Arrest nr. 15364 van 3 juni 2024, uitgesproken door het Hof van Cassatie, biedt een belangrijke verduidelijking op het gebied van internationale bevoegdheid, met name met betrekking tot rechtszaken waarbij buitenlandse consumenten betrokken zijn. Dit onderwerp is van bijzonder belang in het licht van de toenemende globalisering van commerciële transacties en de daaruit voortvloeiende toename van juridische geschillen tussen professionals en consumenten uit verschillende lidstaten van de Europese Unie.
De bevoegdheid in consumentenzaken wordt geregeld door Verordening (EU) nr. 1215/2012, die precieze regels vaststelt om te bepalen welke rechter bevoegd is om geschillen tussen professionals en consumenten te beslechten. In het bijzonder bepaalt artikel 18, lid 2, van de Verordening de onherroepelijkheid van de consumentenforum, waardoor adequate bescherming wordt geboden aan degenen die goederen of diensten buiten hun woonstaat kopen.
BEVOEGDHEID TEN AANZIEN VAN BUITENLANDERS - IN HET ALGEMEEN Bevoegdheid ten aanzien van buitenlanders - Actie van de professional tegen een buitenlandse consument - Onherroepelijkheid van de consumentenforum ex art. 18, lid 2, Verordening (EU) nr. 1215/2012 - Voorwaarden - Noodzaak dat de activiteit van de professional, op welke wijze dan ook, gericht is op de lidstaat waar de cliënt woonachtig is (art. 17 en 18 Verordening (EU) nr. 1215/2012) - Bewijslast van onmiddellijke en specifieke beweringen en bewijsvoering - Uitsluiting.

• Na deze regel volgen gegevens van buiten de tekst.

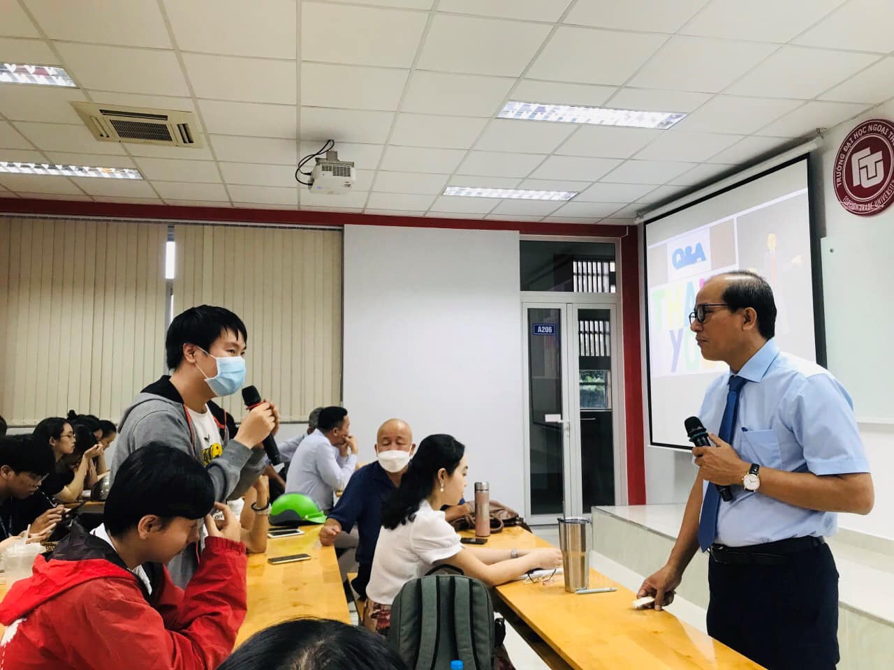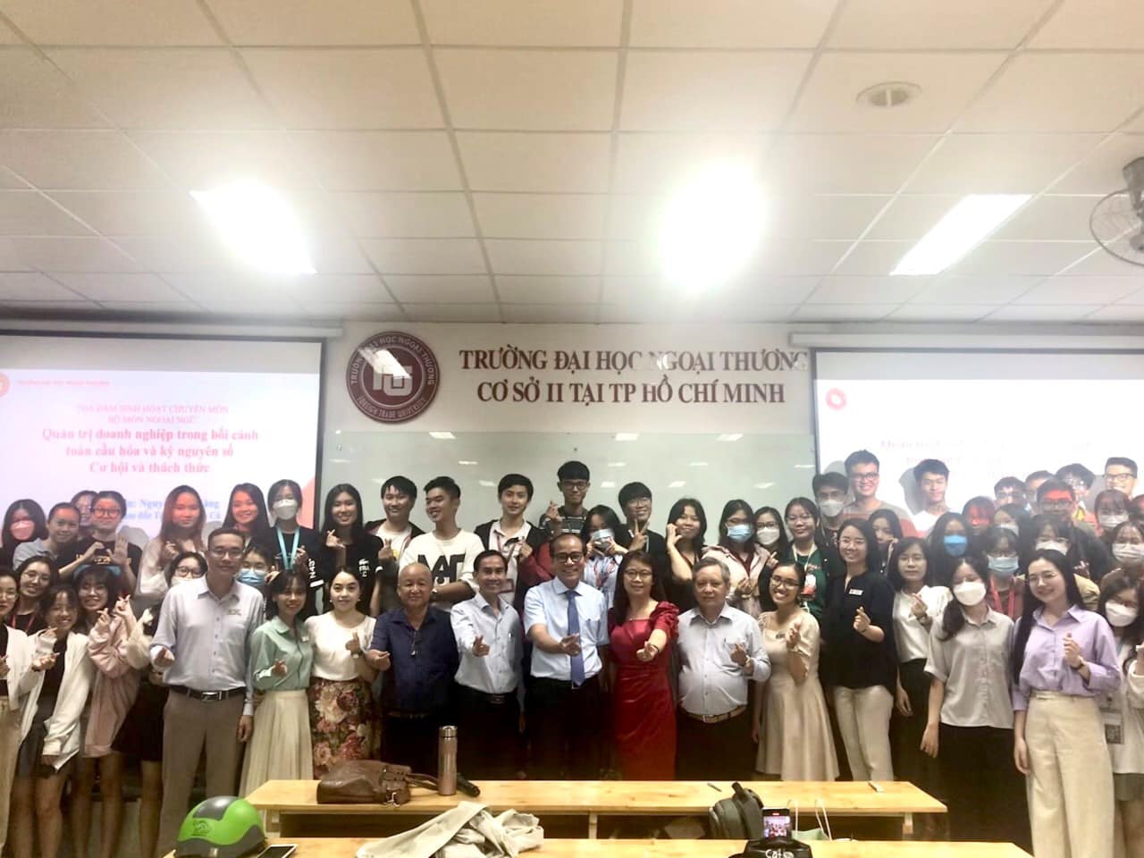Tiếp đó, ngày 24/09/2022, Bộ môn Ngoại ngữ Cơ sở II tại TP. HCM tiếp tục tổ chức tọa đàm “Quản trị doanh nghiệp trong bối cảnh toàn cầu hóa và kỷ nguyên số - Cơ hội và thách thức” với sự tham gia của diễn giả ông Nguyễn Văn Sáng - Phó Tổng Giám đốc Tập đoàn Đèo Cả.
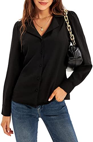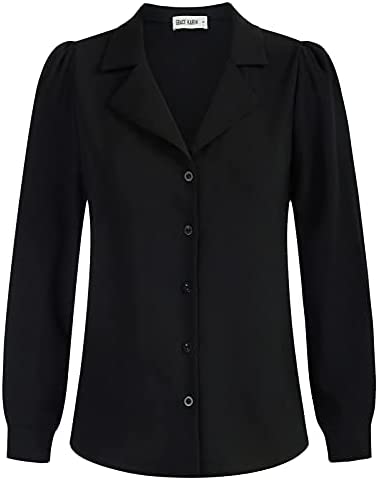【Features】Blouses & button-down shirts, button down, v neck, long puff sleeve, turn down collar, pleated back, loose fit design, lapel neck, lightweight, comfortable fabric.
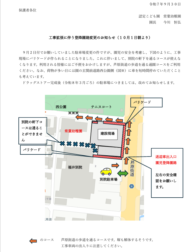 これまで使わせていただいていた旧花月駐車場が、10月1日朝より建設工事のため利用することができなくなりました。別紙のように、福井別院前の駐車場をご利用ください。なお、別院の軒下を通るコースも安全のため使うことができませんので、芦原街道の歩道をご利用ください。
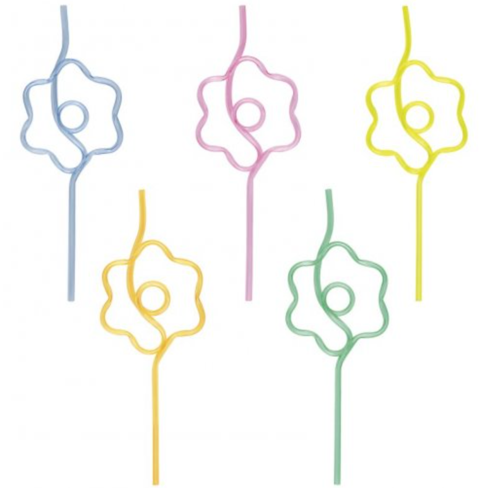 Colored paper straws with flowers, 19.5 cm high.
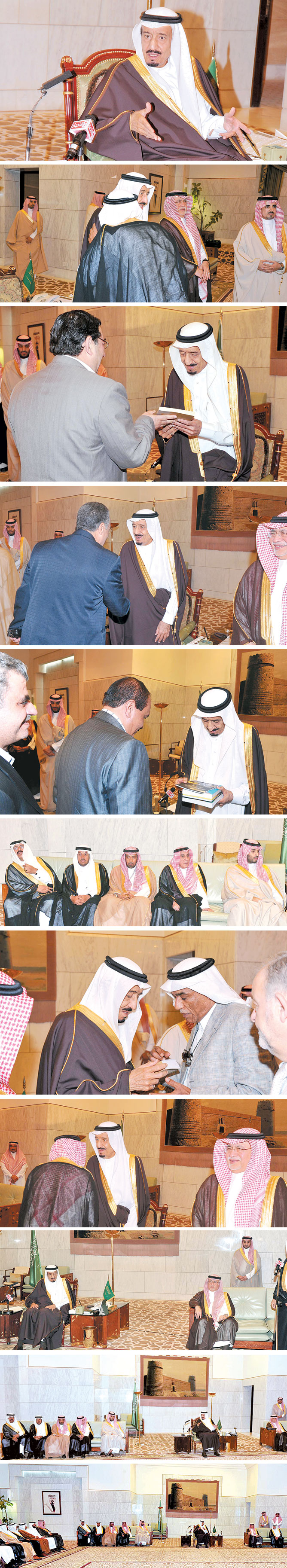 كعادة سموه وحرصه على الالتقاء بضيوف المملكة واستقباله المسؤولين، فقد حفل برنامج صاحب السمو الملكي الأمير سلمان بن عبد العزيز أمير منطقة الرياض خلال الأيام القليلة الماضية بالعديد من اللقاءات والاستقبالات لعدد من المسؤولين والضيوف آخرها كان أمس عندما استقبل سموه ضيوف معرض الرياض الدولي للكتاب لهذا العام 2011م، الذي تنظمه وزارة الثقافة والإعلام برعاية من خادم الحرمين الشريفين الملك عبدالله بن عبدالعزيز آل سعود - حفظه الله - يتقدمهم معالي وزير الثقافة والإعلام الدكتور عبدالعزيز محيي الدين خوجة.
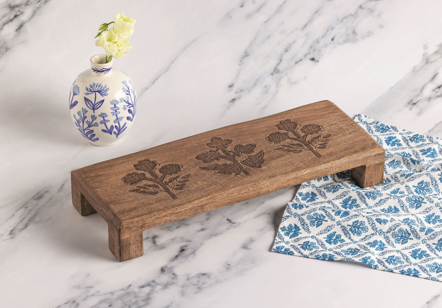 Serve up style with this charming mango wood board, where rustic elegance meets everyday function. Hand-engraved florals dance across the surface, while sturdy feet keep it perfectly positioned on your table. Whether you're hosting a charcuterie night or displaying fresh pastries, this board brings warmth and whimsy to any gathering. A natural beauty that's as practical as it is pretty.
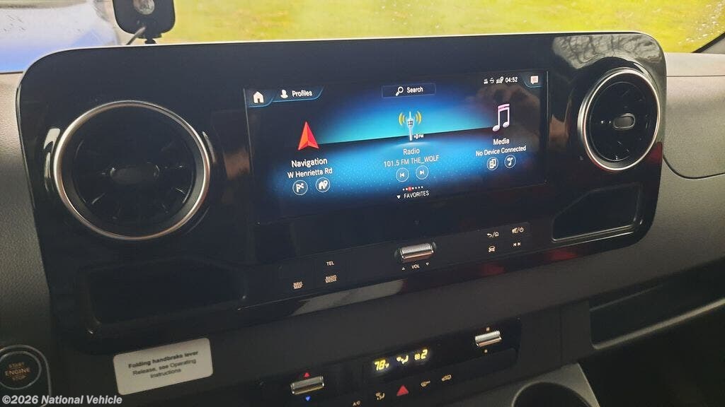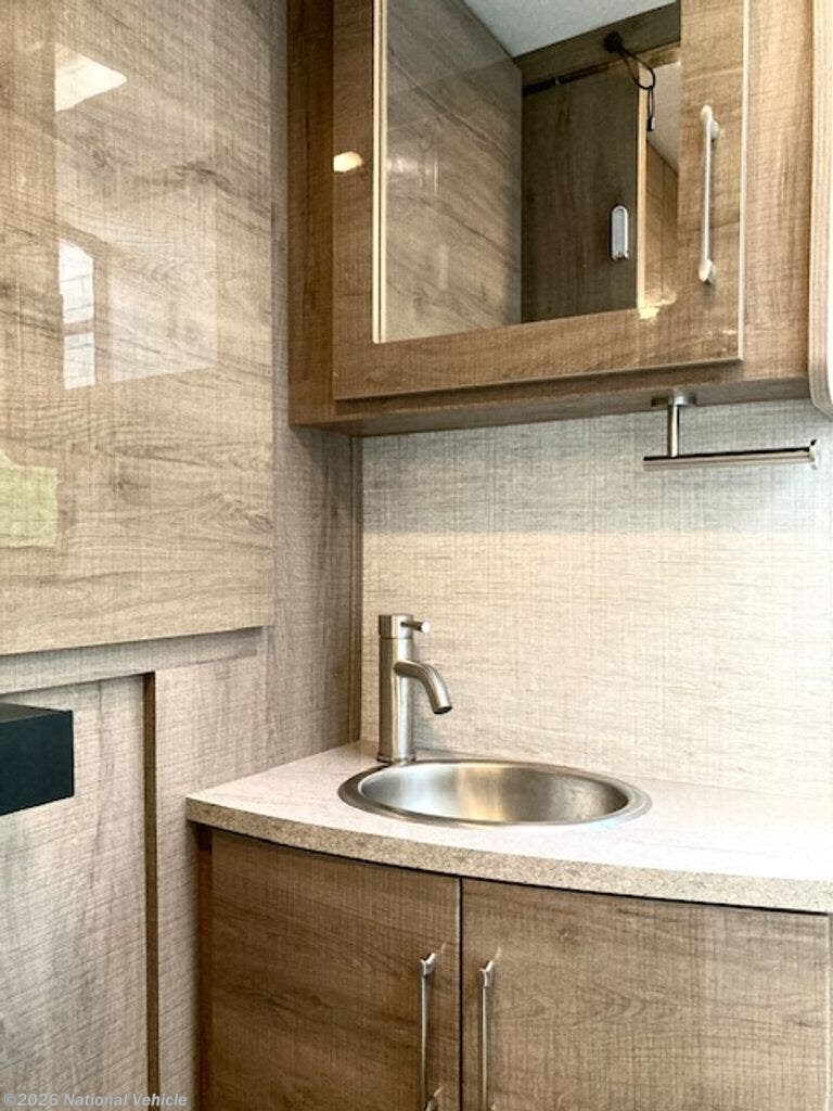 Built on the Mercedes-Benz Sprinter chassis with the 3.0L V6 turbo diesel engine, it produces 188 horsepower and is known for excellent fuel efficiency and smooth handling. The coach also features hydraulic leveling jacks, making campsite setup quick and easy.

Wat betreft de bevoegdheid ten aanzien van buitenlanders, heeft de consument die, gedagvaard door een professional, tijdig de onbevoegdheid van de aangezochte rechter inroept, waarbij hij zijn hoedanigheid en zijn woonplaats in een andere lidstaat aanvoert, niet de plicht om in zijn verdediging uitdrukkelijk en onmiddellijk aan te voeren, ter toepassing van art. 17, lid 1, sub c), Verordening (EU) nr. 1215 van 2012, dat de activiteiten van de eiser, op welke wijze dan ook, gericht zijn op de staat van zijn woonplaats, aangezien de rechter de aanwezigheid van de elementen die zijn internationale bevoegdheid rechtvaardigen, moet verifiëren op basis van de bewijselementen die objectief uit het dossier blijken, met inbegrip van de bewijzen die reeds zijn ingediend.
Het Hof van Cassatie heeft benadrukt dat de consument niet de verplichting heeft om in zijn verdediging aan te tonen dat de activiteit van de professional gericht was op zijn woonstaat. Dit aspect is cruciaal, omdat het het belang van consumentenbescherming in het kader van bevoegdheid herbevestigt, en voorkomt dat buitensporige bewijslasten het recht op toegang tot de rechter kunnen aantasten.

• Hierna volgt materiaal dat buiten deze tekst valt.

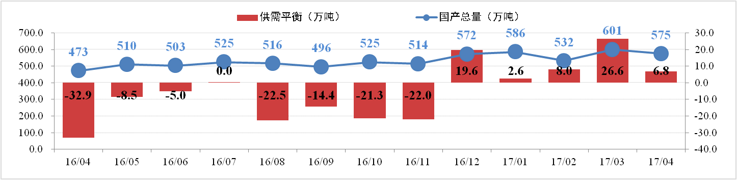 據行業統計數據,目前全國氧化鋁總產能為7723萬噸,開工產能7071萬噸,開工率91.56%。4月份氧化鋁產量約575萬噸,同比增加17.2%。減復產方面,中鋁河南80萬噸置換產能逐步投產;中鋁山西、中鋁中州、中鋁遵義分別減產80萬噸、25萬噸和30萬噸產能;三門峽義翔60萬噸產能減產檢修。4月份國內氧化鋁供給存在約6.8萬噸的過剩。
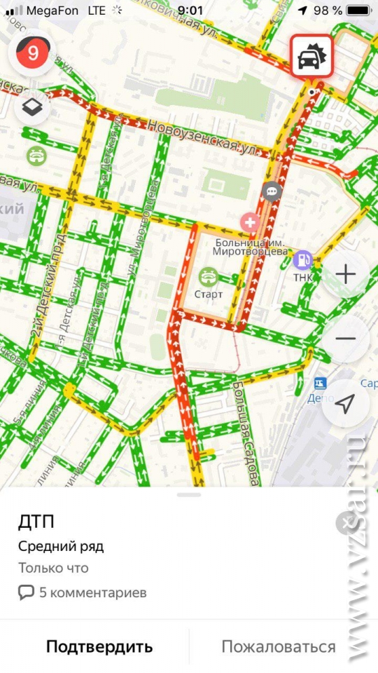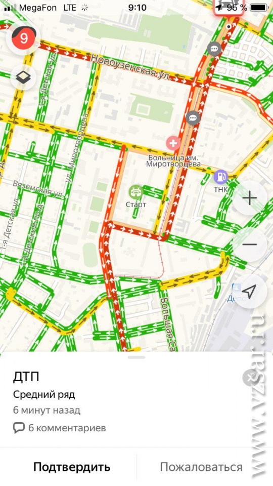 Сегодня, после небольшой передышки, жители Саратова вновь встали в многокилометровых пробках. В настоящее время сервис "Яндекс.Пробки" оценивает ситуацию на дорогах в 9 баллов.

Bovendien verduidelijkt het arrest dat het de taak van de rechter is om ambtshalve de bewijselementen te verifiëren die zijn internationale bevoegdheid rechtvaardigen. Daarom mag het gebrek aan specifieke beweringen van de consument zijn positie niet schaden, wat een belangrijke stap voorwaarts betekent voor de bescherming van consumentenrechten op Europees niveau.
Arrest nr. 15364 van 2024 vertegenwoordigt een belangrijke mijlpaal op het gebied van internationale bevoegdheid, en benadrukt de noodzaak om de buitenlandse consument te beschermen in een complex juridisch kader. Deze beslissing versterkt niet alleen de consumentenrechten, maar draagt ook bij aan een grotere rechtszekerheid bij internationale transacties. Het is essentieel dat professionals zich bewust zijn van deze regels en de implicaties die deze kunnen hebben op hun commerciële activiteiten, om een correcte afhandeling van juridische geschillen te waarborgen.